Data:
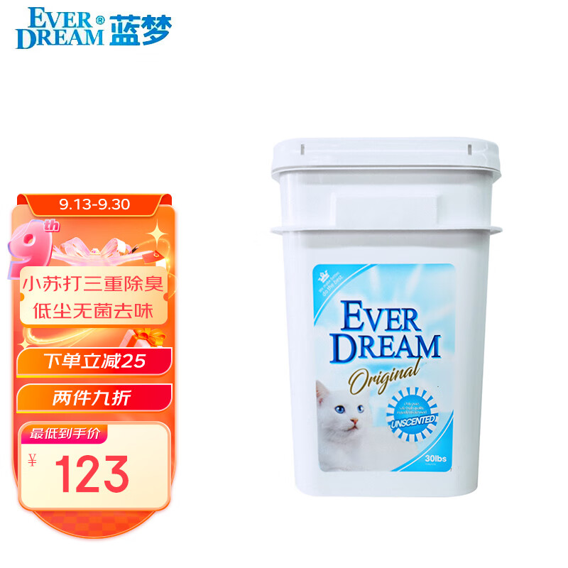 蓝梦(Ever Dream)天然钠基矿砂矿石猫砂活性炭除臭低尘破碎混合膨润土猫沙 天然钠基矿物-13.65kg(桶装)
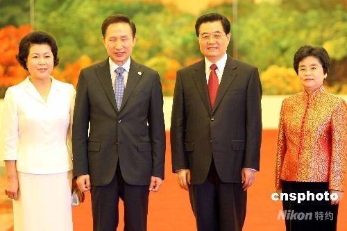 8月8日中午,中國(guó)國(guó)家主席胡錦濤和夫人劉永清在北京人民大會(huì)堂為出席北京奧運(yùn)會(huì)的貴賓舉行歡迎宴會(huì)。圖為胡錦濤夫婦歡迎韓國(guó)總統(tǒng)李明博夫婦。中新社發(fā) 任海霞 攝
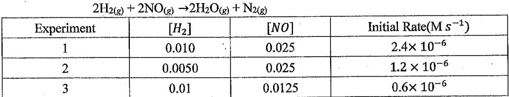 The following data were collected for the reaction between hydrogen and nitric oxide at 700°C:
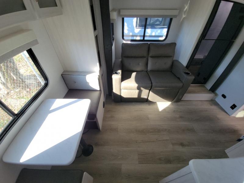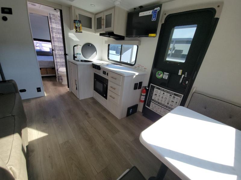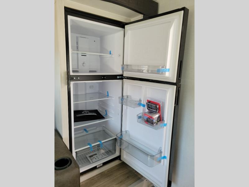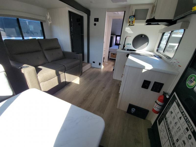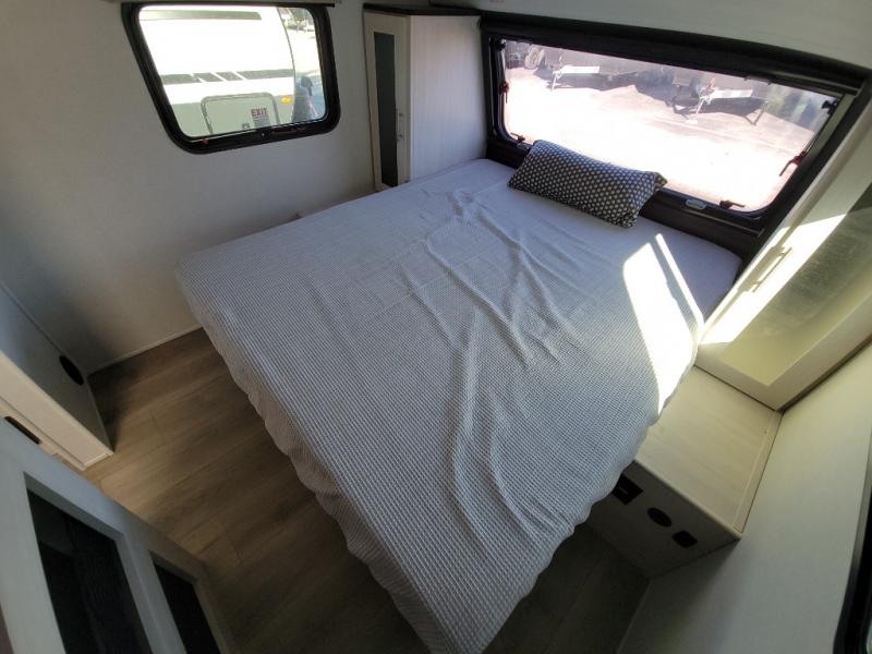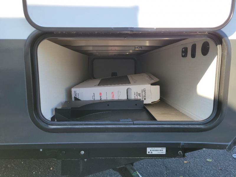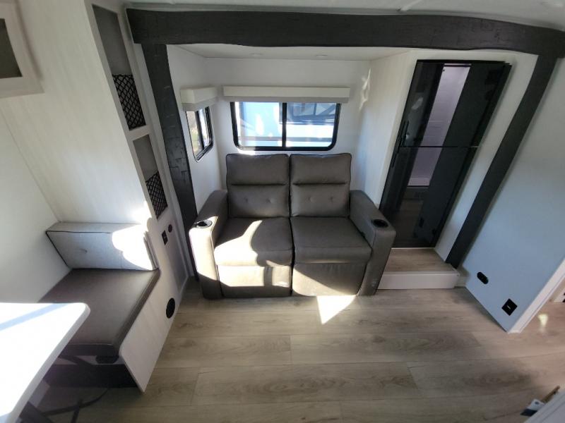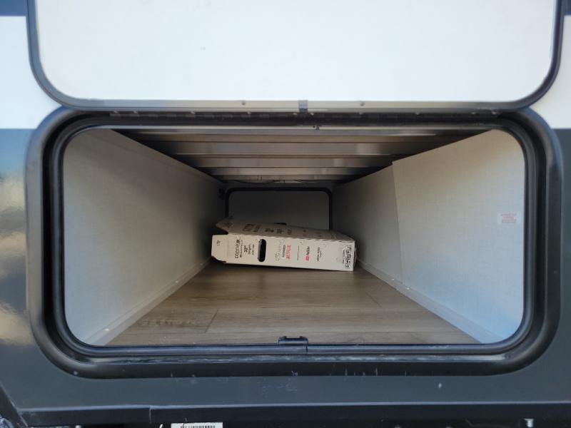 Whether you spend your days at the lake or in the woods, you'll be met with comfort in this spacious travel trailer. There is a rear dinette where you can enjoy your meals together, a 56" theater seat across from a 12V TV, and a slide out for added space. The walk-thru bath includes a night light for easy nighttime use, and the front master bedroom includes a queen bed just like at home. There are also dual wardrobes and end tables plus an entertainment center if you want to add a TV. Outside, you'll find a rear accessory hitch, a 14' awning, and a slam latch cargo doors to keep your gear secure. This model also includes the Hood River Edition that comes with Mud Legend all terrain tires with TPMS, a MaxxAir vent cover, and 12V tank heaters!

Problem description: Only the lines from the top of the material through the line containing "The following data" should be written out, exactly and without pictures.

Written response:
 蓝梦(Ever Dream)天然钠基矿砂矿石猫砂活性炭除臭低尘破碎混合膨润土猫沙 天然钠基矿物-13.65kg(桶装)
 8月8日中午,中國(guó)國(guó)家主席胡錦濤和夫人劉永清在北京人民大會(huì)堂為出席北京奧運(yùn)會(huì)的貴賓舉行歡迎宴會(huì)。圖為胡錦濤夫婦歡迎韓國(guó)總統(tǒng)李明博夫婦。中新社發(fā) 任海霞 攝
 The following data were collected for the reaction between hydrogen and nitric oxide at 700°C:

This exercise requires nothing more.